Did Albert Einstein Believe In The Power Of Prayer?
Albert Einstein, the world’s foremost physicist and also an agnostic about the existence of God, believed in the power of prayer, sort of.
A six-year-old girl named Phyllis once wrote to the Nobel Prize-winning professor to ask him if scientists pray.
Einstein wrote back to the young girl five days later:
I will attempt to reply to your question as simply as I can. Here is my answer: Scientists believe that every occurrence, including the affairs of human beings, is due to the laws of nature. Therefore a scientist cannot be inclined to believe that the course of events can be influenced by prayer, that is, by a supernaturally manifested wish.”

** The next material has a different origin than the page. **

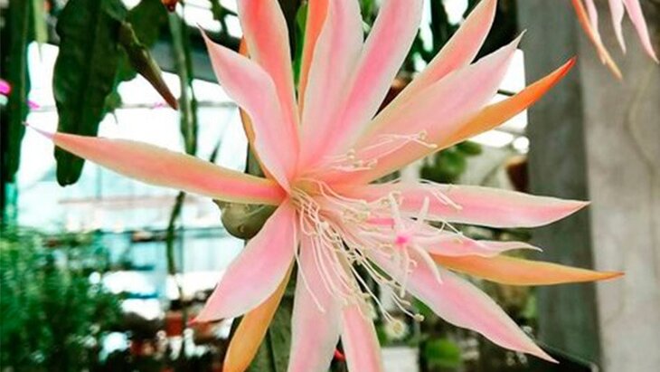 Необычное растение светло-розового оттенка с крупными коралловыми цветками представлено в Ботаническом саду на фестивале "Тропическая зима". Кактус-орхидея имеет второе название – эпикактус.

Continued the Einstein letter about faith:
However, we must concede that our actual knowledge of these forces is imperfect, so that in the end the belief in the existence of a final, ultimate spirit rests on a kind of faith. Such belief remains widespread even with the current achievements in science. But also, everyone who is seriously involved in the pursuit of science becomes convinced that some spirit is manifest in the laws of the universe, one that is vastly superior to that of man. In this way the pursuit of science leads to a religious feeling of a special sort, which is surely quite different from the religiosity of someone more naïve.”

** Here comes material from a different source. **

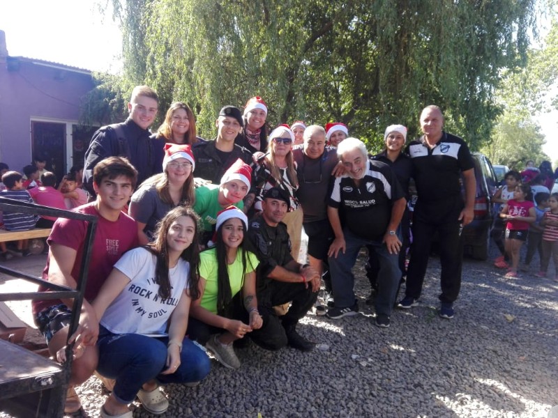 Anticipando la Navidad y con Papá Noel como ayudante, entregaron alimentos, leche, azúcar, chocolate, ropa para los niños, golosinas y cada uno de los niños recibió un pan dulce para llevar a sus casas y compartir en las fiestas con sus familias.

Separately, in October 2012, the so-called Einstein “God Letter” was put up for sale. It was a handwritten letter to a German philosopher in which a year before his death in 1955, Einstein addressed among other things his thoughts on religion. In the letter, he classified each existing religion as “an incarnation of the most childish superstitions.” The historic document was auctioned off for about $3 million on eBay. Einstein grew up in a family of non-observant Jews.
According to 2009 Pew survey of scientists, “51 percent of members polled expressed such a faith [in a higher power], compared to 95 percent of the American public. Additionally, the National Academy of Science charted belief in God as low as 5.5 percent among biologists and 7.5 percent among physicist and astronomers in a 1998 study.”
Since Einstein seemed to acknowledge some form spirituality in his response to Phyllis, do you think that science and religion are always fundamentally incompatible?